Welche Tipps geben Sie jüngeren Kollegen, um Verletzungen im Sportunterricht zu verhindern?
 
Ein Grundschullehrer muss heute Allrounder sein und auch Fächer unterrichten, in denen er überhaupt nicht ausgebildet wurde. Gerade im Sport wäre eine spezielle Ausbildung aber dringend erforderlich. Ein Sportlehrer muss zunächst darauf achten, dass die Kinder vernünftige Sportbekleidung tragen. Er muss sich schon im Vorfeld Gedanken über die Unterrichtsorganisation machen, über Methodik, Sicherheitsvorkehrungen, Hilfsmittel etc.

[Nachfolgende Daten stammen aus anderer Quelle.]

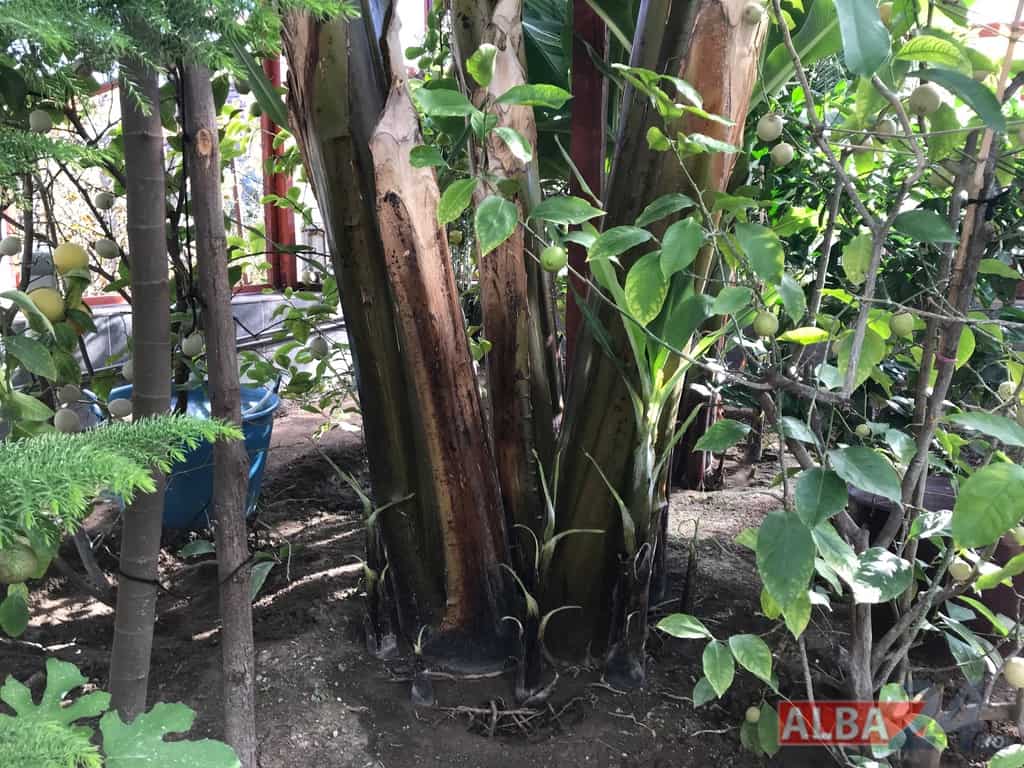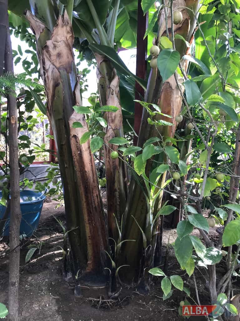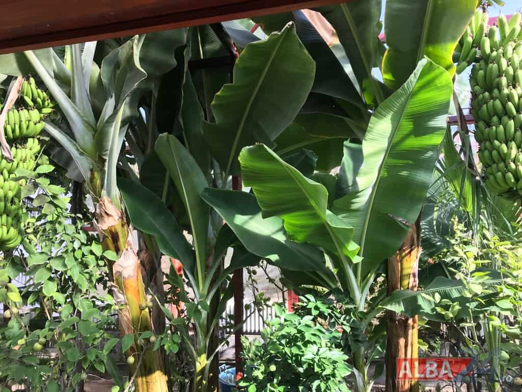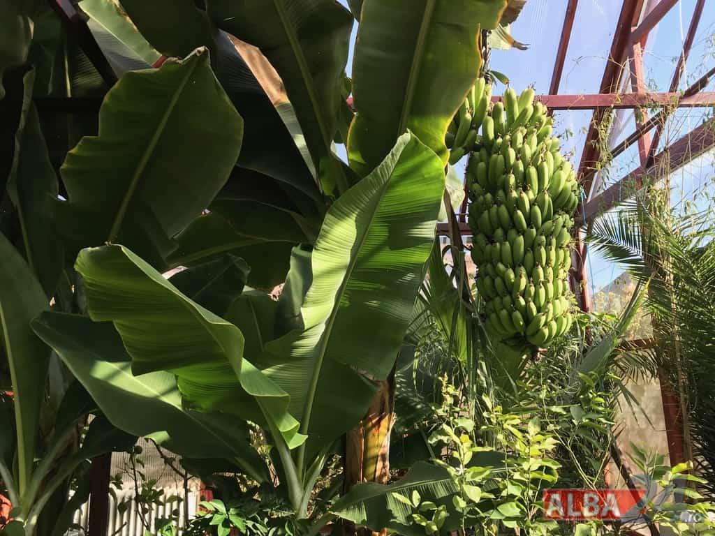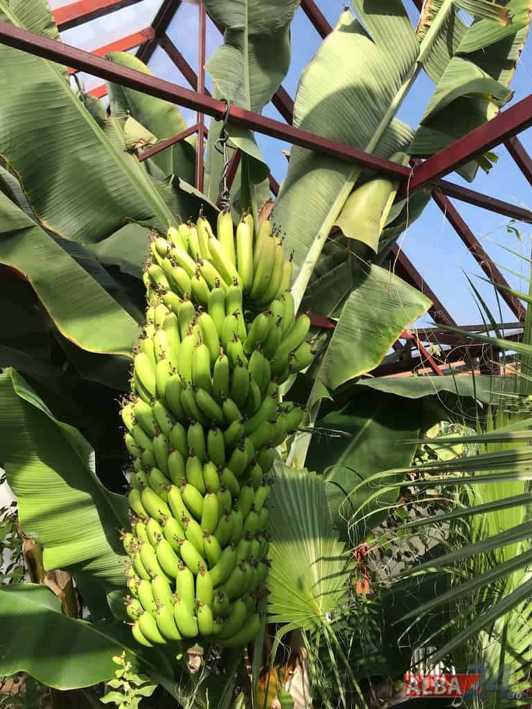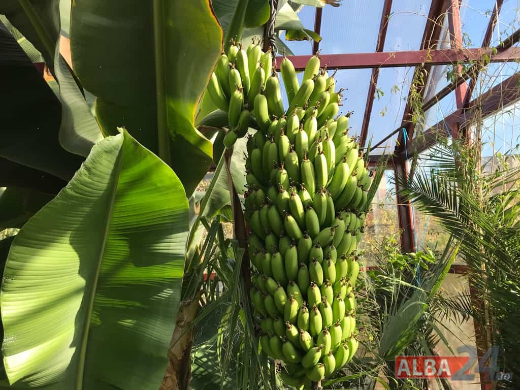 Ca într-o poveste fantastică, intrarea într-o mică anexă a gospodăriei, care pe dinafară nu zice mare lucru, te „teleportează” într-o pădure tropicală în miniatură. Doi bananieri imenși, de peste 6 metri fiecare, înconjurați de lămâi, portocali, smochini, toți cu roade pe crengi. Fiecare din cei doi bananieri au câte un ciorchine de banane încă verzi cântărind, după estimarea proprietarului, peste 40 de kg fiecare.
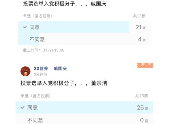 会议伊始,由戚国庆核对实到人数并公布入党积极分子人选,人选分别是戚国庆和董余洁,秉着公平公正的原则,朱佳佳提倡以等额选举的方式进行匿名投票,实到25人,戚国庆和董余洁分别以21和25票通过,本次线上会议圆满完成。(学生编辑:姜余露)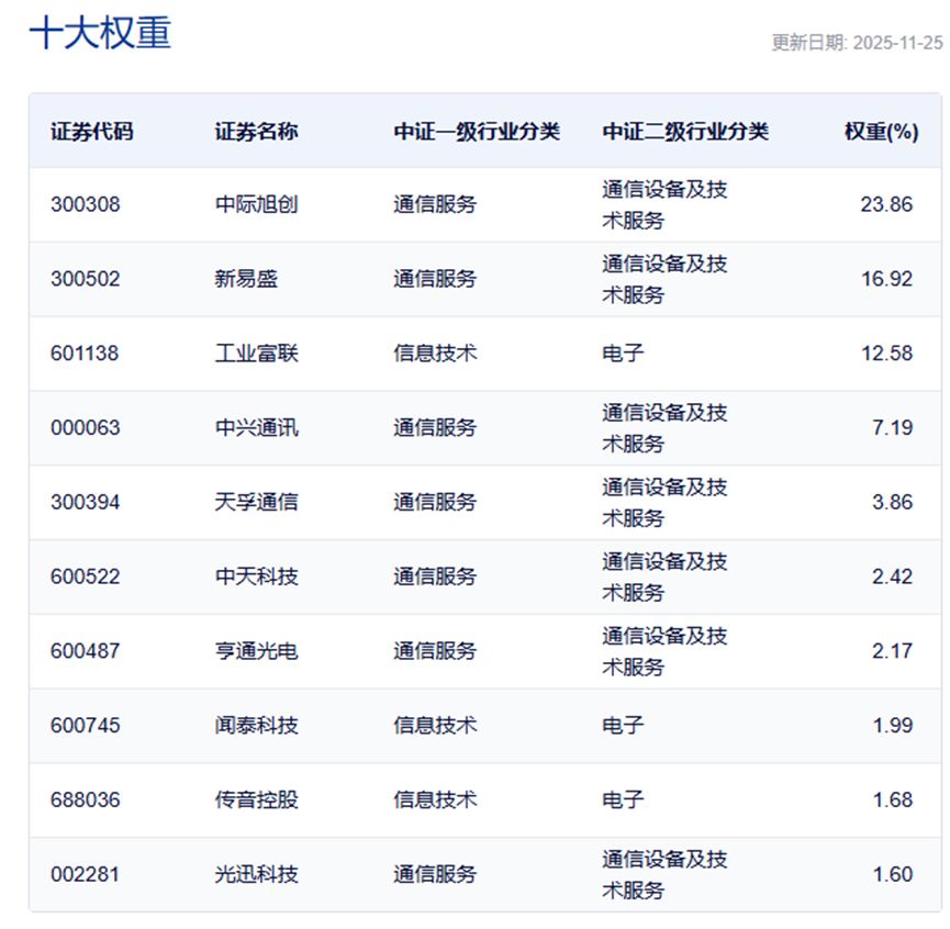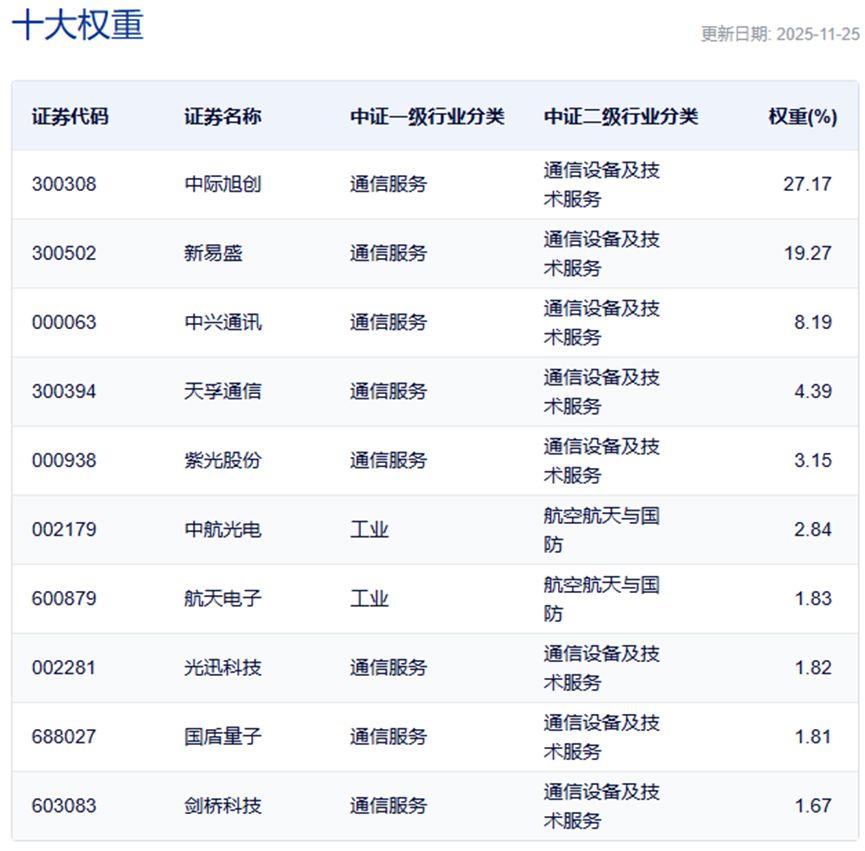 中證通信設(shè)備主題指數(shù)主要權(quán)重股

Außerdem rate ich allen Kollegen, regelmäßig an Fortbildungen teilzunehmen, zum Beispiel an denen der Bundesarbeitsgemeinschaft der Gemeindeunfallversicherungsverbände.
 
Was sind in Ihren Augen die effektivsten Maßnahmen, um Verletzungen im Schulsport zu verhindern?
 
Für die Kinder wäre es wesentlich besser, wenn sie täglich eine Stunde Sportunterricht hätten. Außerdem sollte Bewegung grundsätzlich Unterrichtsprinzip sein. Dies müsste seitens des Ministeriums an die Schulen herangetragen werden. Es ist einfach unsinnig, dass ein Kind den ganzen Morgen ruhig auf seinem Platz sitzen soll. Wenn es die Füße auf den Stuhl legt, darf man das nicht als Disziplinlosigkeit verstehen, sondern als Bedürfnis nach Bewegung. Ich habe einmal bei einem Schüler bemerkt, dass sein Akku leer war. Daraufhin habe ich ihn losgeschickt, um eine Runde um die Schule zu laufen. Der kam dann etwas außer Puste zurück und sagte: „Ah, jetzt geht’s wieder besser!“
 
 

Überblick: Verletzungen beim Schulsport
 
Eine Analyse von 213 Schulsportunfällen mit 234 Verletzungen brachte folgende Ergebnisse: Drei Viertel aller Unfälle ereigneten sich in der Sekundarstufe 1, die am häufigsten betroffene Altersgruppe waren die 11- bis 15-Jährigen. Es verletzten sich insgesamt mehr Jungen als Mädchen (Geschlechtsverteilung: 55%:45%). Vier Prozent der Schüler mussten stationär in der Klinik behandelt werden, sieben Kinder wurden operiert.
 
Verletzungsträchtige Ballsportarten
 
Bei den so genannten Großen Spielen ereigneten sich 63% aller Schulunfälle, die meisten davon traten mit 21% beim Fußball und mit 20% beim Basketball auf. An dritter Stelle stand mit 16,5% das Gerätturnen. Beim Fußball verletzten sich mit 36% auffallend häufig Schüler, die auch im Verein Fußball spielten.
 
Meistens betroffen: Hände und Finger
 
Bei 55 % der Unfälle im Sportunterricht waren die oberen Extremitäten betroffen, meistens (41%) die Hände und Finger. An den unteren Extremitäten (37%) kam es mit 20% vorwiegend zu Verletzungen der Sprunggelenke. Kopf- und Rumpfverletzungen traten seltener auf.
 
Distorsionen und Kontusionen
 
Bezüglich der Verletzungsformen zeigte sich ein signifikanter geschlechtsspezifischer Unterschied: Bei den Mädchen kam es mit 37% hauptsächlich zu Distorsionen, bei den Jungen dominierten mit 28% Kontusionen. Auf dem dritten Platz der Verletzungen, die bei Schülern und Schülerinnen etwa gleich häufig auftraten, lagen mit 10% die Frakturen. Während es bei Mädchen eher zu knöchernen Kapselausrissen – meist an den Fingern – kam, waren Jungen öfters von Bandrupturen – überwiegend am Sprunggelenk – betroffen.